We did not cross to Brooklyn. We turned back, descended, and walked south into Chinatown.

Looking south down a Lower East Side street from an elevated vantage — brick tenements, a rooftop tagged with "MERK", One World Trade Centre visible at the end of the corridor under clear blue sky

Chinatown

The transition happens without announcement. One block you are on Delancey, the next you are somewhere that the street signs have Chinese characters alongside the English and the fish are displayed in open crates on the pavement and the restaurants have laminated photographs instead of menus and everything smells of orange peel and char siu and the particular cold of refrigeration units venting onto the sidewalk.

A narrow Chinatown street on a sunny morning — Chinese-language signs and red lanterns on low-rise buildings, a few people on the empty pavement, Financial District towers visible at the far end framed like a painting

We had eaten in Chinatowns in many cities. San Francisco’s, which is performative. Montreal’s, which is genuine but small. Mexico City has no Chinatown, which is one of its few absences. New York’s is different because it is not a district that Chinese immigrants moved into — it is a district that Chinese immigrants built and have maintained for a hundred and fifty years, and the accumulated density of that presence has produced something that functions less like an ethnic neighbourhood and more like a city within a city, with its own logic and its own pace and its own relationship to the grid that surrounds it.

We walked through without stopping. The helicopter was at two-thirty.

The Brooklyn Bridge and the Waterfront

The Brooklyn Bridge appeared above the roofline on Centre Street — the towers, the cables, the unmistakable silhouette that exists on approximately forty million photographs and has not been diminished by any of them.

The Brooklyn Bridge towers rising above Centre Street traffic — a yellow traffic light in the foreground, trees in leaf on both sides, clouds building behind the stone towers

There are bridges that exist as infrastructure and bridges that exist as monuments. The Brooklyn Bridge is both, and the remarkable thing is that neither function diminishes the other. It carries traffic and it is beautiful. It was finished in 1883 and it looks like it was finished last year. The cables catch the light in a way that suggests they were designed by someone who understood that a bridge is also a piece of public art, which in 1883 was not a common engineering brief.
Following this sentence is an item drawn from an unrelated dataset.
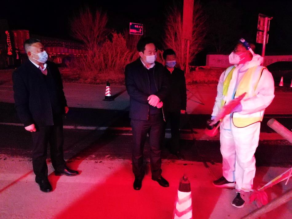 3月22日晚,县委副书记、县长、县疫情联防联控领导小组组长王志成采取不打招呼、不定路线、直奔基层的方式,深入到山丹镇机关及马力镇镇区、北九村,随机检查镇村两级疫情防控和应急值守工作。副县长、县公安局局长温阿军一同检查。
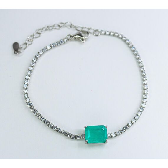 Браслет женский из гипоаллергенного ювелирного сплава,цвет-серый. Вставка-ювелирное стекло белого и зеленого цвета. Размер-17,0-18,0.

We did not cross it. We turned west along the waterfront.

South Street Seaport arrives like a surprise gift at the end of a long sentence. The wooden boardwalk, the tall ships, the sudden openness after the compressed streets of Chinatown and the Civic Center. I stood on the pier with a red-hulled tall ship behind me and the Financial District skyline ahead — the same skyline we had seen from the hotel rooftop two nights before, but from water level now, rearranged by the change in angle into something different.

Pierre standing on the wooden boardwalk at South Street Seaport — a red-hulled tall ship moored behind him, the Lower Manhattan skyline including One World Trade stretching across the blue sky

From the gardens at the edge of the pier, the view opened further still — the East River wide and moving, Brooklyn’s skyline on the far bank, the tall ship’s masts cutting the sky, everything green and loud with May light. The kind of view that makes you understand why people have been standing in this exact spot, looking at this exact thing, for three hundred years.
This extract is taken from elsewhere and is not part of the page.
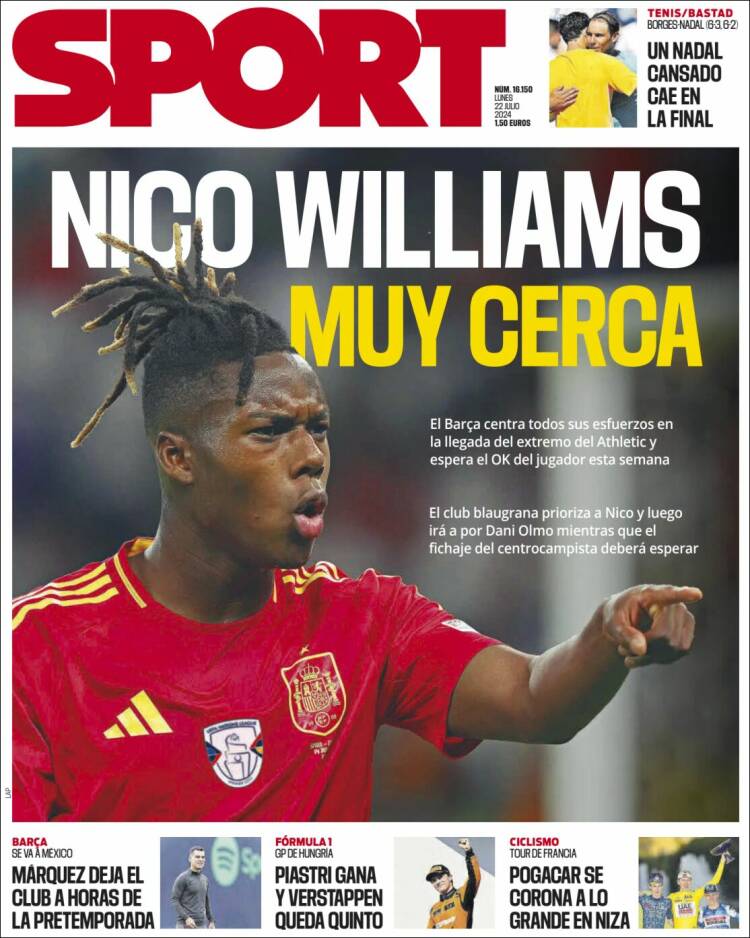 تیتر یک امروز اسپورت به نیکو ویلیامز ارتباط دارد و این نشریه نزدیک به بارسلونا ادعا کرده است که انتقال ستاره اسپانیایی در روزهای پیش رو نهایی میشود.

View from the South Street Seaport gardens — a tall ship's masts in the foreground, the East River beyond, Brooklyn's skyline across the water, the harbour garden green in the May light

The helicopter was waiting somewhere north of here, above the Hudson. We left the seaport and walked toward it — which is a story for another page, and a different kind of view entirely.

When to go: May and September, and specifically on foot, from the hotel to the water. The Manhattan Bridge walkway before noon when it is quiet. Chinatown on a weekday morning before the lunch crowds. The South Street Seaport gardens in the late morning before the tourist boats arrive. The walk from Freeman Alley to the seaport is roughly forty minutes at a reasonable pace and considerably longer if you stop for everything worth stopping for, which you should.